日本語学・日本語教育学による日本語文法の入門書はたくさん在る。だが、文庫・新書本はあまり多くない。そして、文庫・新書本のなかで、タイトルにはっきりと「日本人のための」と明示しているのはおそらくこの本だけだ。これがこの本が高校図書館に入っていたほうが良い理由の一つだ。つまり、日本語学の日本語文法入門書であり、同時に新書本でもあり、それが日本人読者全般のために書かれたものである、という点がその理由になる。他は、最初から日本語教師志望者向けだったり、文庫・新書本でなかったりする。日本語学の日本語文法は、多くの大学ではふれる機会がまず無い。学部ではなくて、大学院や留学生センターで教えられていることが多い分野なのだ。なので、高校生などはなおさら知らないで終わることが多い。というのも、義務教育課程でも高校でも教わる機会はおそらく皆無だからだ。学校文法とは異なる別の日本語文法の体系が存在するということを知る機会は、通常の高校生・大学生にはほとんど無い。なので、新書本であるこの本が高校の図書館に入っている意義は大きいのだ。文庫本・新書以外だと、どうしても専門家向け入門に見えてしまう。

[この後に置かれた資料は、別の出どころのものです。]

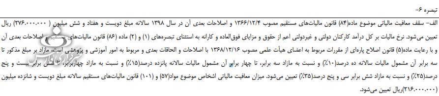 در تبصره ۶ ماده واحده لایحه بودجه ۹۸ آمده است: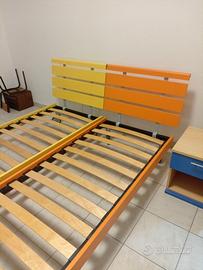 Vendo per inutilizzo due letti singoli in legno e spalliere in alluminio misure 195 x 85 cm uno giallo e l'altro arancione con ruote e doghe incluso un comodino il tutto è in ottime condizioni..!!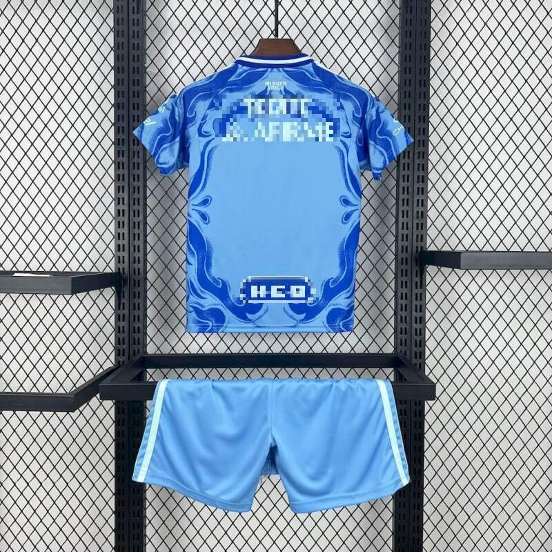🐯🔵⚽ Conjunto Niño Tigres UANL Segunda Equipación 2025-2026 – Elegancia felina para los más pequeños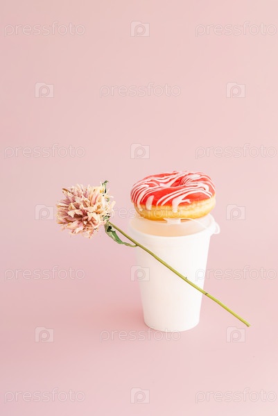 Сушеный цветочный пончик и бумажная чашка с кофе на розовом фоне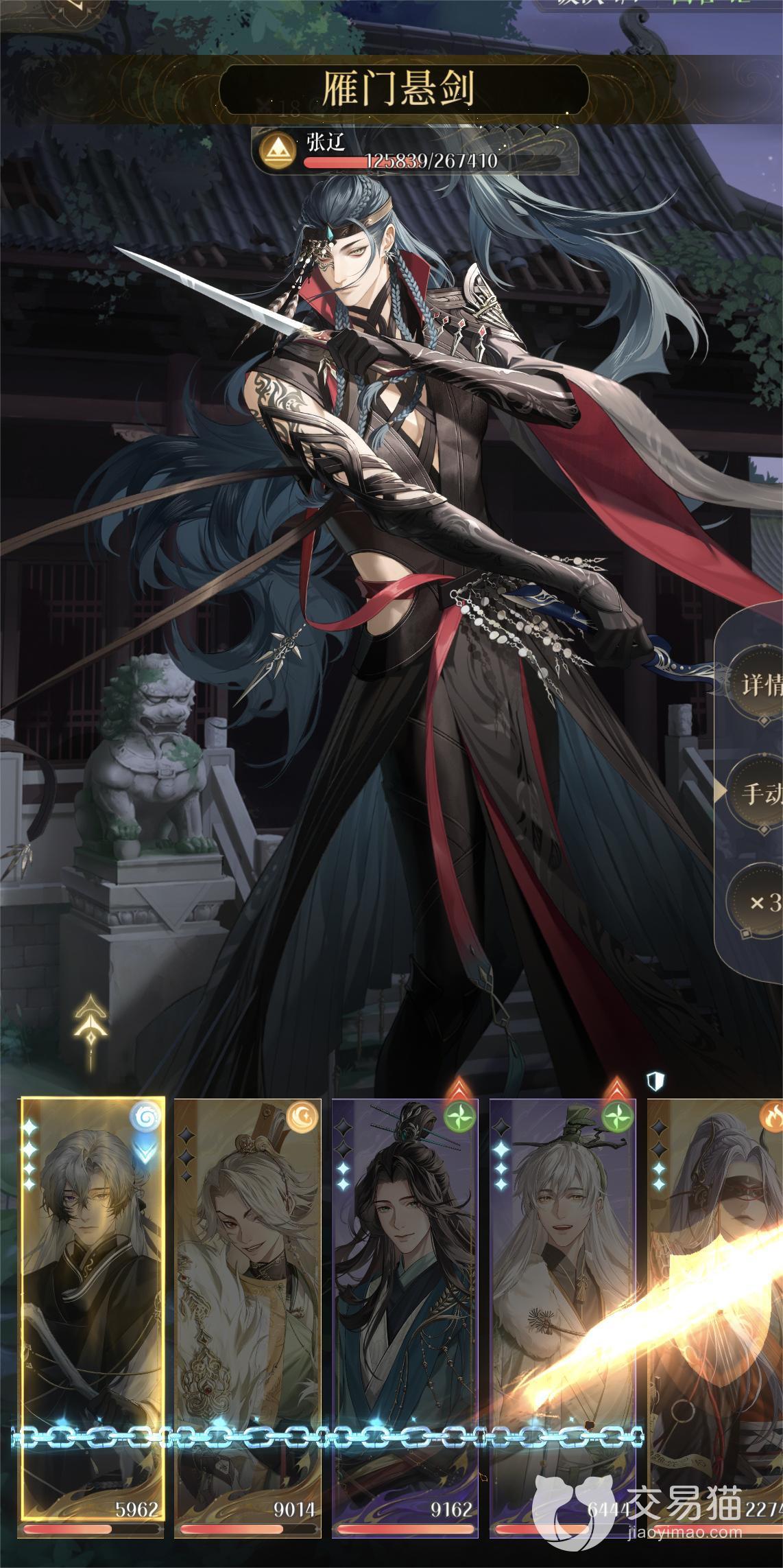 首先惯例还是介绍一下敌方阵营,boss张辽,血量20W+,血条非一般的厚,所以打起来很吃力。张辽的攻击对象是对上一回合采取防御动作的目标,如果没有人防御则会释放群体攻击。张辽的刀人动作还是很好判别的,就是血量太厚,所以咱们可以采取比较迂回的攻击方式消耗敌人的血量。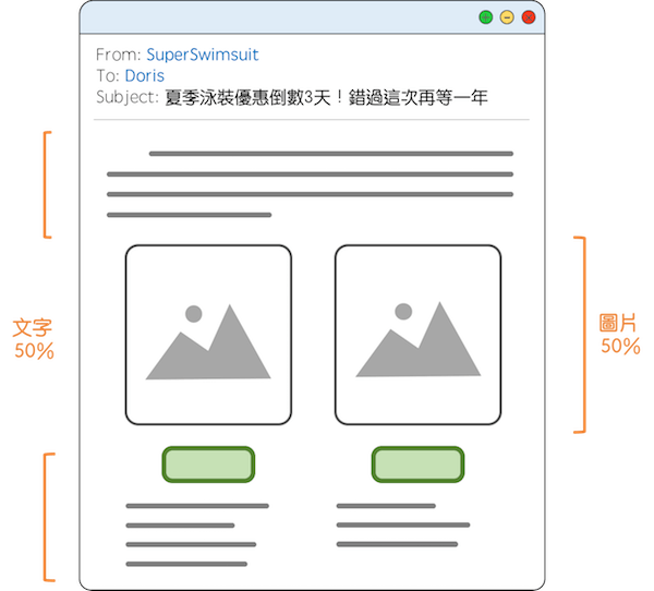 因此,在內(nèi)容上取得圖片與文字的平衡會(huì)是比較好的策略,電子郵件內(nèi)容適合的圖片與文字比例,大約是5:5 到6:4 左右,一方面可以保持圖片設(shè)計(jì)帶給讀者的豐富感受,透過圖像顯示縮短讀者閱讀信件所花的時(shí)間,另一方面當(dāng)在圖片無法正確顯示的情況下,讓讀者對(duì)于電子郵件內(nèi)容的理解達(dá)到最大。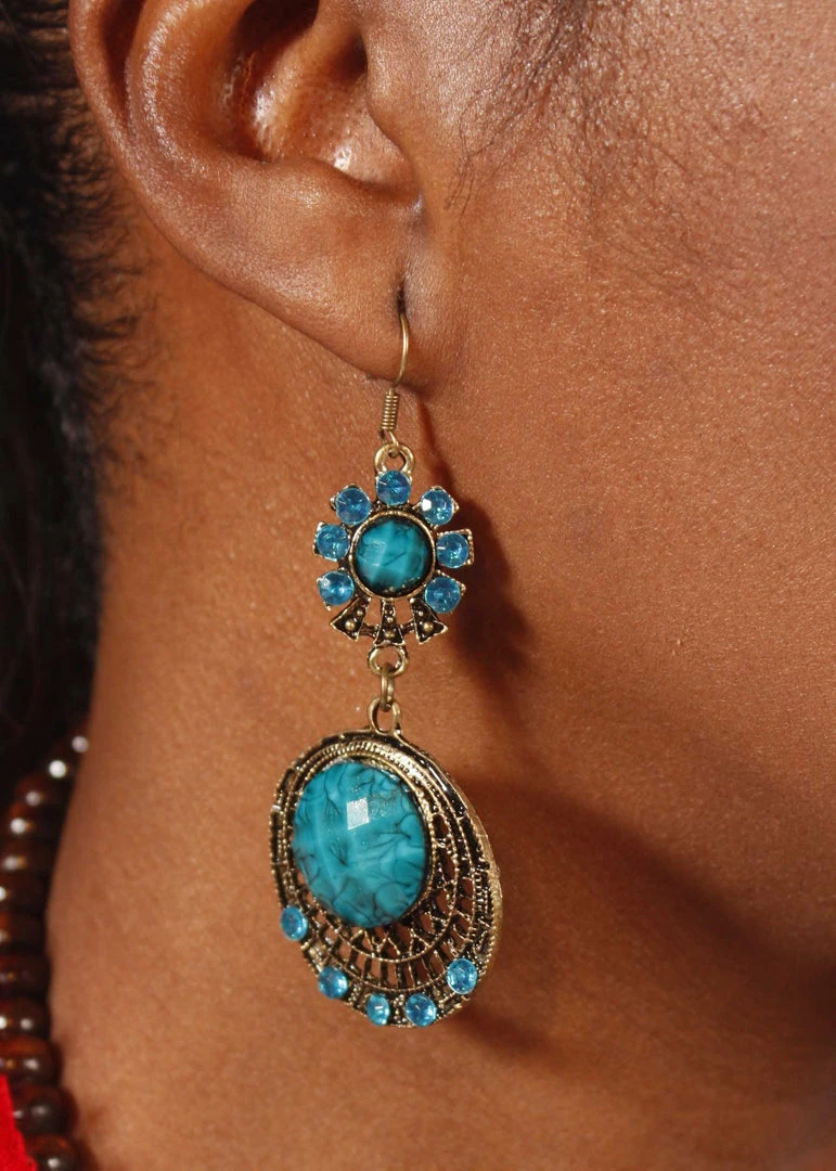 ER19 -Lunes Soleil…This beautifully constructed earring has a floral style droplet gem and rhinestones to compliment it. Earring is medium weight and can be worn with costumes or as elegant attire.

しかし、そのように言っておきながら、すぐに修正が必要になる。この本はタイトルでは「日本人のための」と銘打ってはいるものの、結局は「日本語学の日本語文法を知りたい日本人向け」になってしまっている。つまり、日本人全般のニーズに合った形での紹介本にはなりえていない。あくまで、「学校文法とは違うという、既存の日本語学の日本語文法を学習したい」という奇特な人のため向けの内容になってしまっているのだ。ここに一般とのギャップが在る。日本人のために役立つ文法というのは、ねじれ文を書かないように防止するための文法だったり、AIよりも読解力が低いとされるような「検定教科書が読めない」中学生のための文法だったり、「私の言いたいことの力点の中心の主張は」などと書いてしまわないための文法だったりするだろう。だがこの本にはそういった問題意識は特には感じ取れないのだ。この本に在る内容は結局は「外国人には日本語はこんなに難しいのです」というものに集約される。その外国人にとっての難所を入門書で学習しようという奇特な日本人にしか、この本の問題意識は需要が無い。とは言え、そのような日本語文法が、通常の日本人の需要に応える潜在的な可能性を結局はもってはいるはずだ、とも私は思っている。そう思う人はなかなか奇特ではあるが、そういう者のためにのみ、この本は入門書として役立ち機能する。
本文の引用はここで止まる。